▶ [Task statement] Make an exact copy of all the data, pictures excluded.

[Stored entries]
------
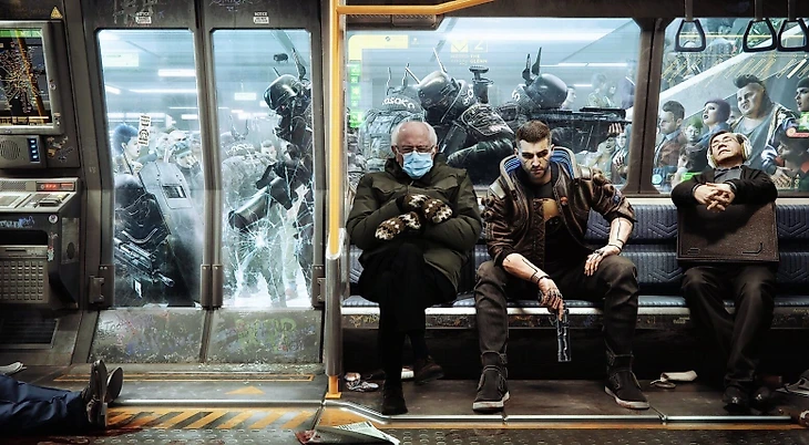 • В Cyberpunk 2077 пользователи предложили ему роль Джонни Сильверхенда. Смотрится странновато, а вот как NPC в метро – идеально.
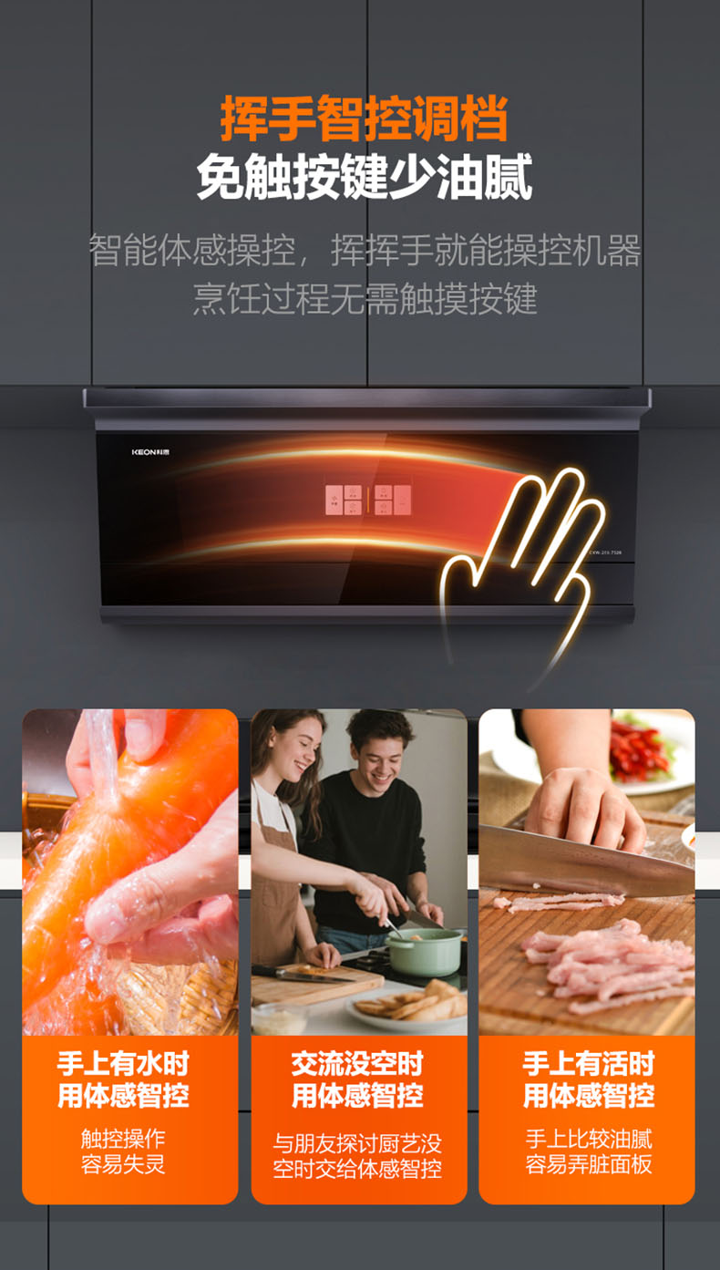 • 揮手智控,零觸碰調節操作面板,讓油污不沾手
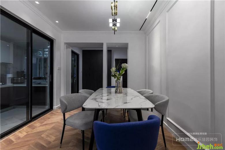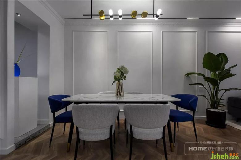 大气留白,不过分华丽装饰,这是空间应有的包容和气度,别具一格的石膏线条打造出一种流动感,寓静于动,打破空间的呆板;斑驳的大理石,透出星星点点的金属光泽,整个餐厅层次分明,方圆有道。
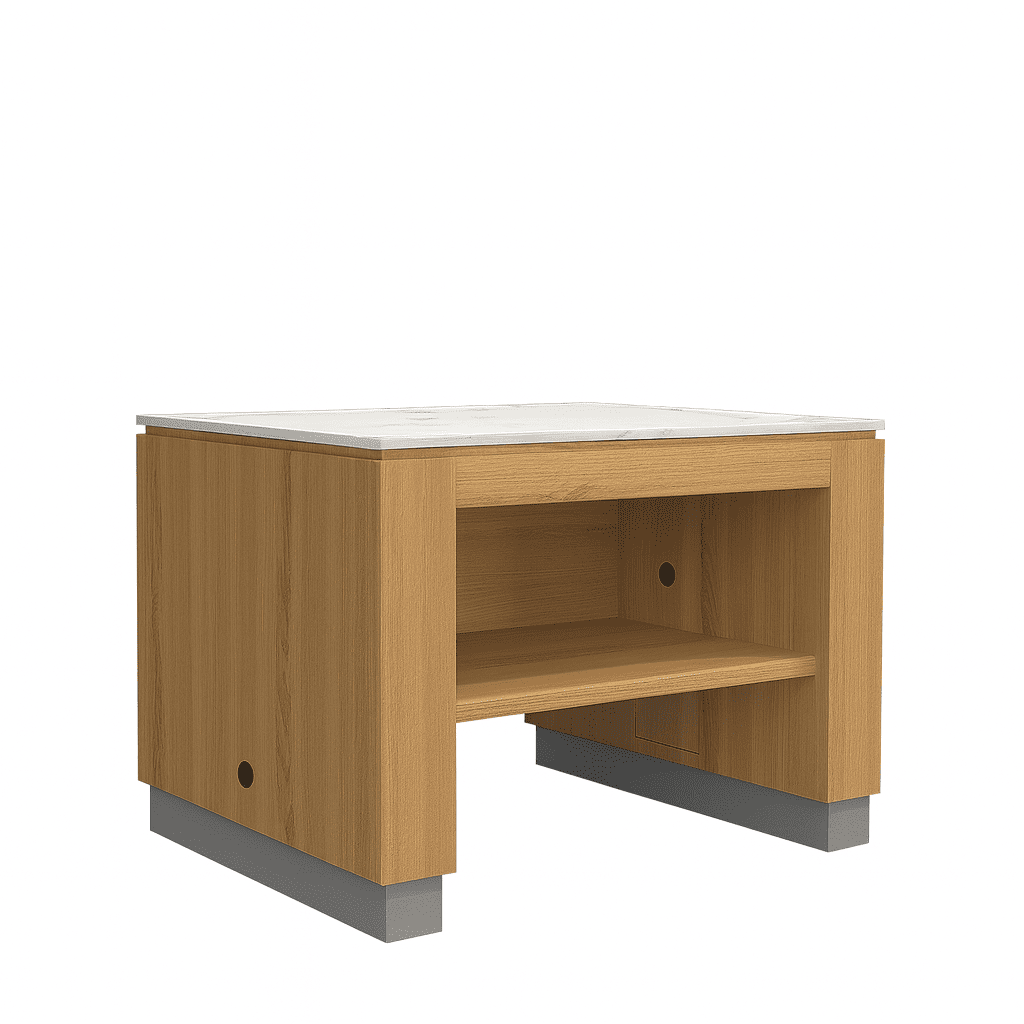A modern multifunction island featuring an open microwave shelf, durable wood construction, and a clean stone-look top—ideal for guest suites, kitchenette areas, and compact commercial spaces.
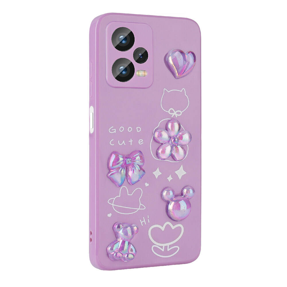 Xiaomi Redmi Note 12 Pro Plus 5G Kılıf Kabartma Figürlü Parlak Zore Toys Silikon Kapak Mor
------
▶ [Result below]
 • В Cyberpunk 2077 пользователи предложили ему роль Джонни Сильверхенда. Смотрится странновато, а вот как NPC в метро – идеально.
 • 揮手智控,零觸碰調節操作面板,讓油污不沾手
 大气留白,不过分华丽装饰,这是空间应有的包容和气度,别具一格的石膏线条打造出一种流动感,寓静于动,打破空间的呆板;斑驳的大理石,透出星星点点的金属光泽,整个餐厅层次分明,方圆有道。
A modern multifunction island featuring an open microwave shelf, durable wood construction, and a clean stone-look top—ideal for guest suites, kitchenette areas, and compact commercial spaces.
 Xiaomi Redmi Note 12 Pro Plus 5G Kılıf Kabartma Figürlü Parlak Zore Toys Silikon Kapak Mor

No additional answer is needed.